Opinion
No. 6090.
July 10, 1963.
Melvin J. Welles, Washington, D.C., with whom Stuart Rothman, Gen. Counsel, Dominick L. Manoli, Assoc. Gen. Counsel, Marcel Mallet-Prevost, Asst. Gen. Counsel, and Arthur M. Goldberg, Washington, D.C., were on brief, for petitioner.
Harold B. Roitman, Boston, Mass., for respondents.
Before WOODBURY, Chief Judge, and HARTIGAN and ALDRICH, Circuit Judges.
This is a petition of the National Labor Relations Board pursuant to Section 10(e) of the National Labor Relations Act, as amended, ( 61 Stat. 136, 73 Stat. 519, 29 U.S.C. § 151 et seq.), for enforcement of its order issued against respondents on June 22, 1962. The Board found that respondents violated Section 8(b)(1)(A) and (2) of the Act by requesting John I. Paulding, Inc., a manufacturer of electrical fixtures and related products, located in New Bedford, Massachusetts, (hereinafter called the Company) to discharge ten employees because they had failed to pay dues to the Union.
The facts giving rise to the alleged violations are as follows. On July 2, 1958, the Company and the Union entered into a collective bargaining agreement which provided, inter alia, for a limited form of union security. Under the agreement, non-members of the Union employed by the Company were not required to join the Union. However, Union members and employees who thereafter joined the Union were obligated to maintain their membership for the duration of the existing contract; new employees were required to join the Union after thirty days' employment.
This type of union-security provision is commonly referred to as a "Maintenance of Membership" provision.

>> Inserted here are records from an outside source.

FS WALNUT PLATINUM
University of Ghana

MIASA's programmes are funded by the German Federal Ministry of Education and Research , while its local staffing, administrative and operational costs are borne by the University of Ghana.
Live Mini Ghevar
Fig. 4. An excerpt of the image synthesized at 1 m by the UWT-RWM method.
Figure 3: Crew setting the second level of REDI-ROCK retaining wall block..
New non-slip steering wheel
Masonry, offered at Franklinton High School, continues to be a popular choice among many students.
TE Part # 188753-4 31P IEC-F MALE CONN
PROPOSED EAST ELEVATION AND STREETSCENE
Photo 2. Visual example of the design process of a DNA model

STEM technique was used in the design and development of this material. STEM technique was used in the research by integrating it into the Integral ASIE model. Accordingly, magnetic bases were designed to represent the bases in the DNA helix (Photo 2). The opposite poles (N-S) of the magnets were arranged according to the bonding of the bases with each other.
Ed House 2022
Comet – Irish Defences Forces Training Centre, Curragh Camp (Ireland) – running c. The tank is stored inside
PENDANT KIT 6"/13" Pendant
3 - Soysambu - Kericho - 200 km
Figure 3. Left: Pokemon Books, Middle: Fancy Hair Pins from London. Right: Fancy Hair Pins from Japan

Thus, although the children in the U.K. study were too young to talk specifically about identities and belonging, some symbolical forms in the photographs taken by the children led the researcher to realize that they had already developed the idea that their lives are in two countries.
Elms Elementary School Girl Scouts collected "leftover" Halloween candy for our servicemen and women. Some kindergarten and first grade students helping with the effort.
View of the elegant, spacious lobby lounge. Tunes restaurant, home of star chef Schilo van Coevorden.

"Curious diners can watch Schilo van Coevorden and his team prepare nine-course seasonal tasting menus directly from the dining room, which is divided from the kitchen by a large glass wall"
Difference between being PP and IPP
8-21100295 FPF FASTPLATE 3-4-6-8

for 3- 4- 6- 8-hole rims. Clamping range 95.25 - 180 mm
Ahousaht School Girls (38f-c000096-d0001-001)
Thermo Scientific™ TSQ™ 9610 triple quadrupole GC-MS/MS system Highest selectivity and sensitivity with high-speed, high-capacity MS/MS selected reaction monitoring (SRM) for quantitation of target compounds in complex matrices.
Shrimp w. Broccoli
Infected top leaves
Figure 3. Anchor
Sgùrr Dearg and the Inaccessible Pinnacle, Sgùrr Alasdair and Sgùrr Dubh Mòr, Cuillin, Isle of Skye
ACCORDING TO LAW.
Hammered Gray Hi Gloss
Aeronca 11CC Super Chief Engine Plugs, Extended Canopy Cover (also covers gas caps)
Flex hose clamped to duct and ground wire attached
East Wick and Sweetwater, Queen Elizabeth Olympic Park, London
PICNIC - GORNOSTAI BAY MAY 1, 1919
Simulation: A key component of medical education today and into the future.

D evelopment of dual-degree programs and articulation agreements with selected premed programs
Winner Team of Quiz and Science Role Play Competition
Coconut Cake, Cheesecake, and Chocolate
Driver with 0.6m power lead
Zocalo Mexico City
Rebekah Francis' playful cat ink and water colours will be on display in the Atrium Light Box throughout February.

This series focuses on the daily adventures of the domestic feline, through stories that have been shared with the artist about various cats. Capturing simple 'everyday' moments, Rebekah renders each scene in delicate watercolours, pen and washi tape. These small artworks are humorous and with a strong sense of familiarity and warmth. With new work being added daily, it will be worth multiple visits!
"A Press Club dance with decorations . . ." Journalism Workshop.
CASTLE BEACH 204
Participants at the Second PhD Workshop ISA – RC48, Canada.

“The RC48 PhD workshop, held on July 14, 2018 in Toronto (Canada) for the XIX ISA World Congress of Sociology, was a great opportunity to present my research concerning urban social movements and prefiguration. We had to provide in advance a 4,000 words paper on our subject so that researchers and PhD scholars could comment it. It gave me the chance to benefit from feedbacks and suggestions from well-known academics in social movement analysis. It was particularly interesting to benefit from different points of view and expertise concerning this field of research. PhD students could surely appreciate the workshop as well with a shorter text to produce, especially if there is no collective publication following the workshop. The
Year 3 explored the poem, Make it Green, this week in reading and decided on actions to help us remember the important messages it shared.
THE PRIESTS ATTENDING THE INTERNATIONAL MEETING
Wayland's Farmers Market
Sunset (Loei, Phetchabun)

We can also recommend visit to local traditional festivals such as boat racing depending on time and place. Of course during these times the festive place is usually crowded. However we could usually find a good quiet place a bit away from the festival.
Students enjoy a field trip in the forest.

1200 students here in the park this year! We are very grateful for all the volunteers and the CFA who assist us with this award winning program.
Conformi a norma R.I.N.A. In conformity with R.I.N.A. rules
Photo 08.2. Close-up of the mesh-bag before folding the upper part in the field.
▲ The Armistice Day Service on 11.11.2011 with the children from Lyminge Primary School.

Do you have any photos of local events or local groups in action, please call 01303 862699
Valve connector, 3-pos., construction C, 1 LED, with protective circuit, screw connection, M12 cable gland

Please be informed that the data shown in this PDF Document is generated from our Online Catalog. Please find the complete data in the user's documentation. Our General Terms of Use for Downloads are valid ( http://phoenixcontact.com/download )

This initial collective bargaining agreement expired June 30, 1959 and, following a strike of some six months duration, a new one year contract was executed on January 11, 1960. This contract was to continue from year to year unless either party gave sixty days written notice to terminate. Proper notice was given and the contract expired on January 11, 1961. A new agreement was reached on January 23, 1961.
Both the 1960 and the 1961 contracts, consonant with the initial agreement signed in 1958, contained clauses which provided that those employees of the Company who were not members of the Union at the time the contract was executed would not be required to join the Union. However, all employees who had joined the Union before the execution of the contract and employees hired subsequent to the execution of the contract would be required to be members of the Union as a condition of continued employment.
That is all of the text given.